We have already seen that already beginning in the sixth century CE with John Philoponus, the impetus theory that would be taken up and developed by both Islamic and medieval European scholars offered a strong alternative to Aristotle’s theory of projectile motion. Philoponus, and many others, also questioned his theories of fall and as we have seen in the fourteenth century, the Oxford Calculatores and the Paris Physicists did quite a lot on the laws of fall that is usually credited to Galileo.

What is very often ignored in that Galileo was very much aware of substantial work done on both projectile motion and fall in the sixteenth century on which he built his own theories. 

The first scholar to make an important contribution to the physics of motion during the sixteenth century was Niccolò known as Tartaglia (1499–1557). Although, often referred to as Niccolò Fontana, his actual surname is not known for certain. He came from simple circumstances and suffered much tragedy in his childhood. He was born in Brescia, in the Lombardy, the son of Michele a dispatch rider, who was murdered when he was just six years old. In 1512, French troops invaded Brescia and although his family sought refuge in the cathedral, the French troops entered the building and the young Niccolò was slashed across the face with a sabre slicing open his jaw and palate and leaving him for dead. His mother nursed him back to life but he was left with a speech impediment , which earned him the nickname Tartaglia, the stammerer. He grew a beard to cover his scars. 
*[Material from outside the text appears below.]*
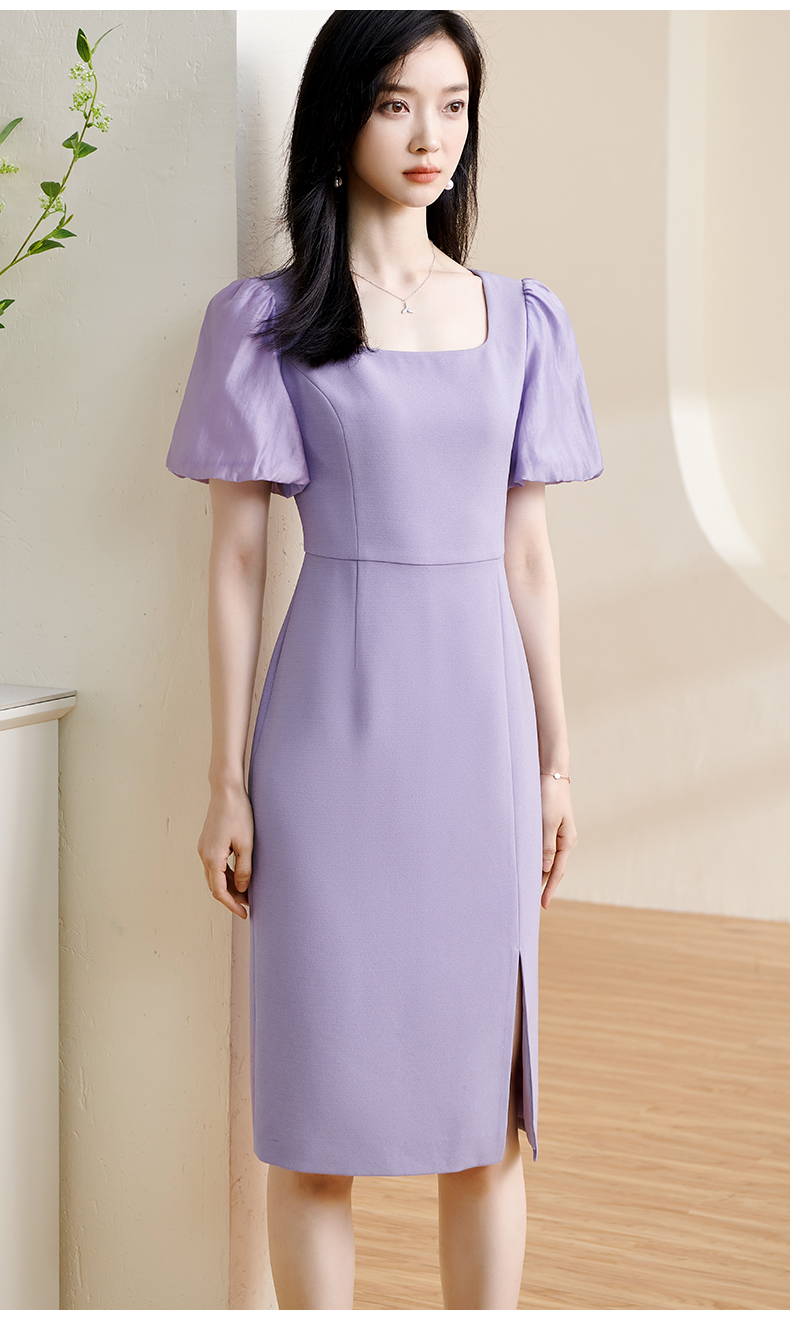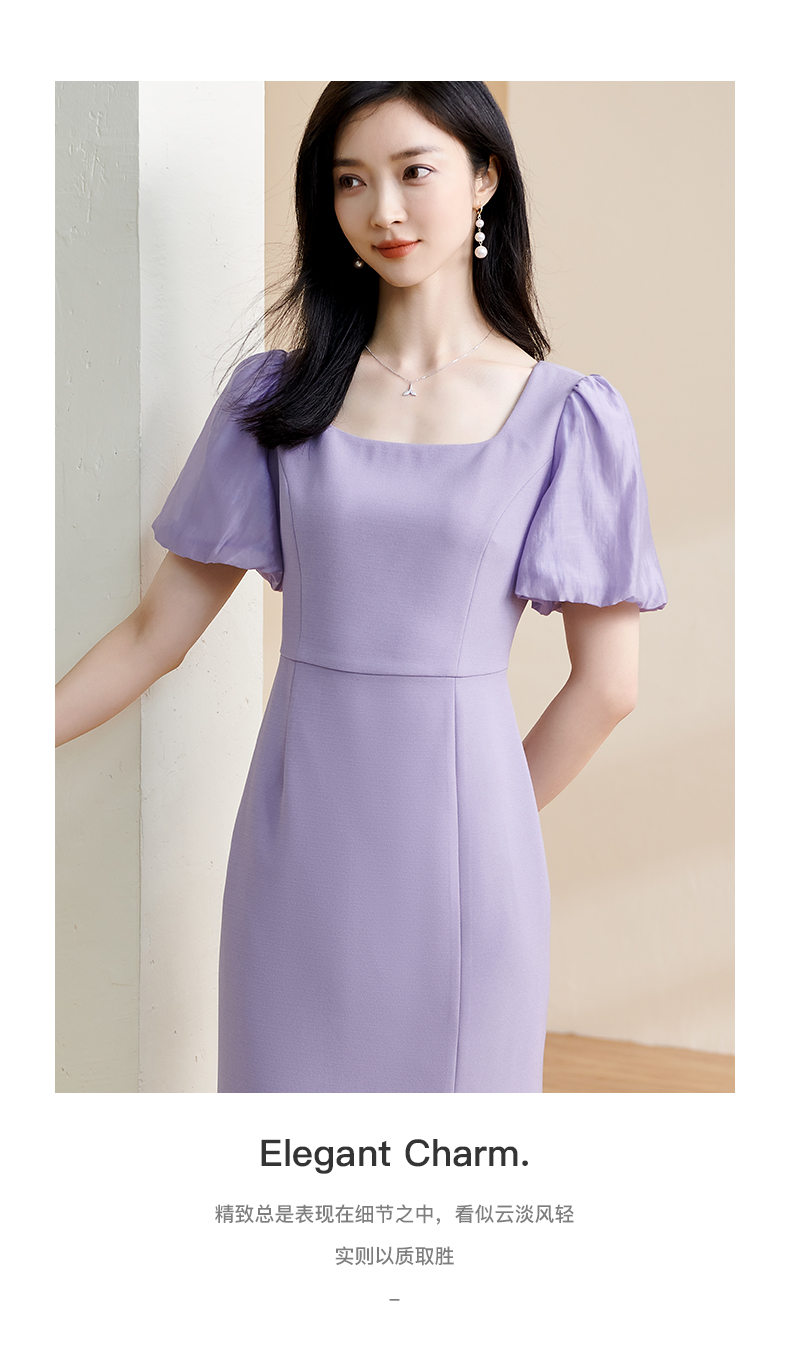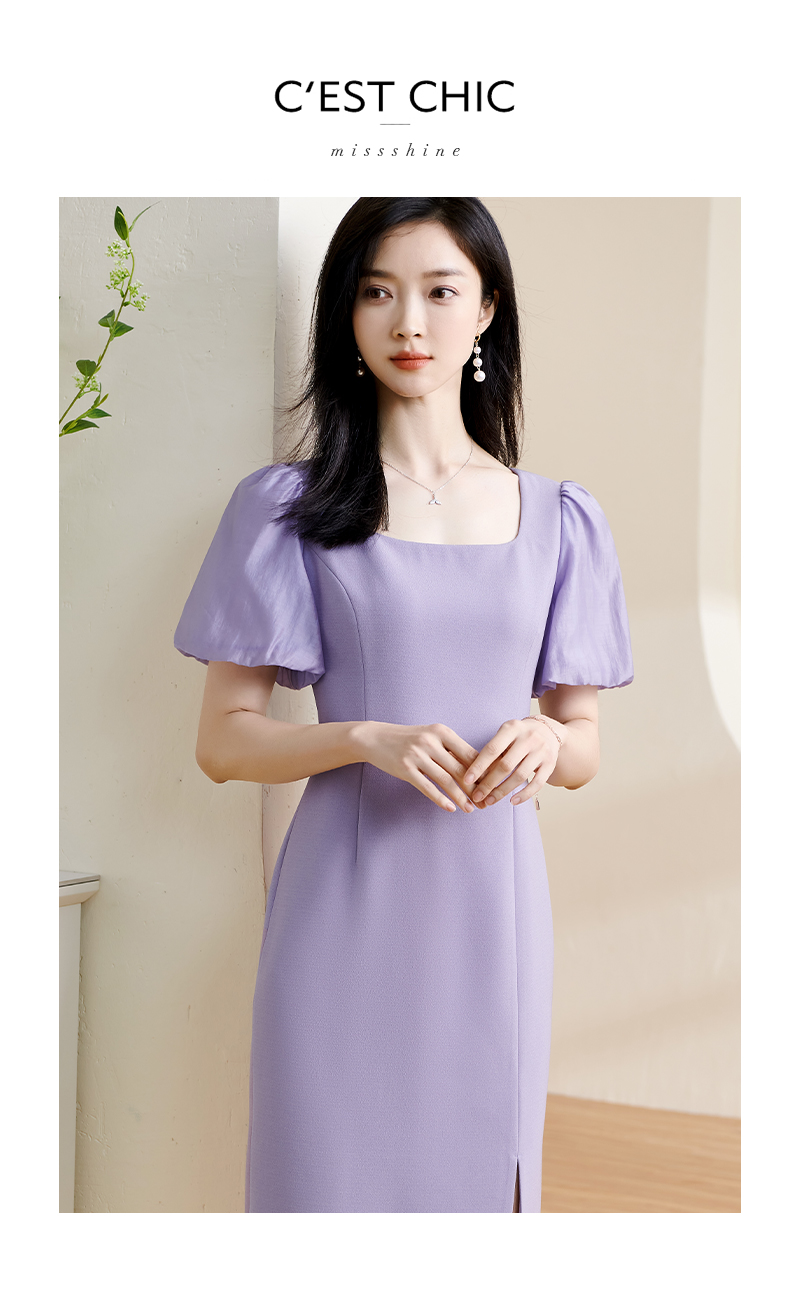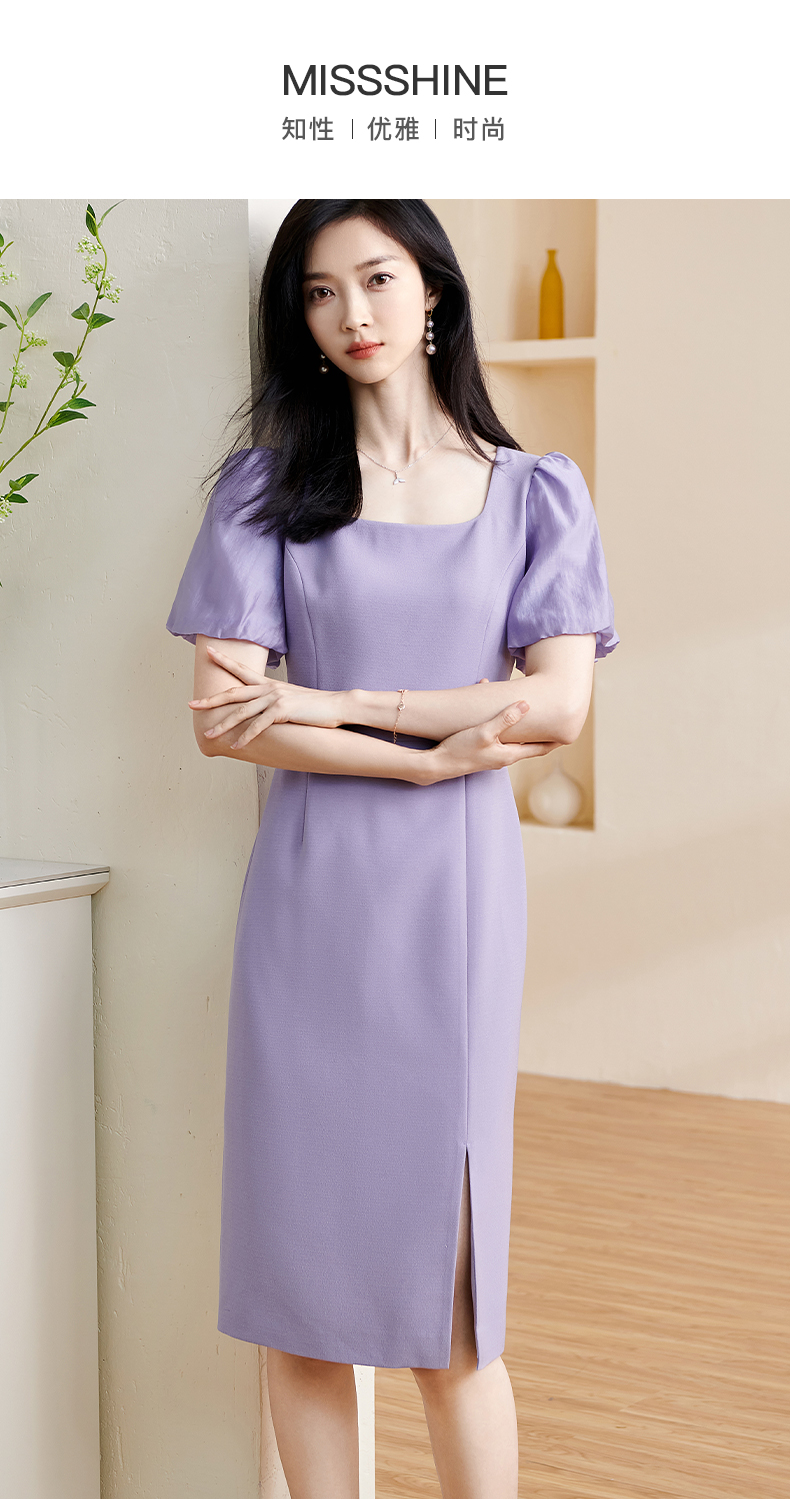 剩S 米思阳2024夏季新款温柔风修身紫色长裙方领法式连衣裙薄款女1234

Largely self-taught, he moved to Verona around 1517 and then to Venice in 1534. He earned his living teaching practical mathematics in abbacus schools. A Maestro d’abaco or reckoning master Tartaglia was one of the first to transcend the world of practical mathematics that was common for the period and in which mathematicians were viewed not as scholars but as craftsmen, and in many senses became a mathematician in the modern meaning of the term. This transition of mathematicians from craftsmen to scholars was only truly completed a century later thanks largely to the contributions of Kepler and Galileo. 

Tartaglia is, of course, best known as the second mathematician after Scipione del Ferro to discovery a general solution for some forms of the cubic equations, a solution wider ranging than that of Scipione. I wrote about this briefly in the last episode and more fully in two earlier posts, here and here, so I won’t repeat it here. It’s also not directly relevant to the topic of this episode. 

As well as his work on the cubic equation, Tartaglia also wrote a typical reckoning mater guide to elementary mathematics his General trattato di numeri et misure, 6 pts. (Venice, 1556–1560).

In the second part of which he includes the triangle of binomial coefficients, known generally as Pascal’s Triangle, who first published it a hundred years later.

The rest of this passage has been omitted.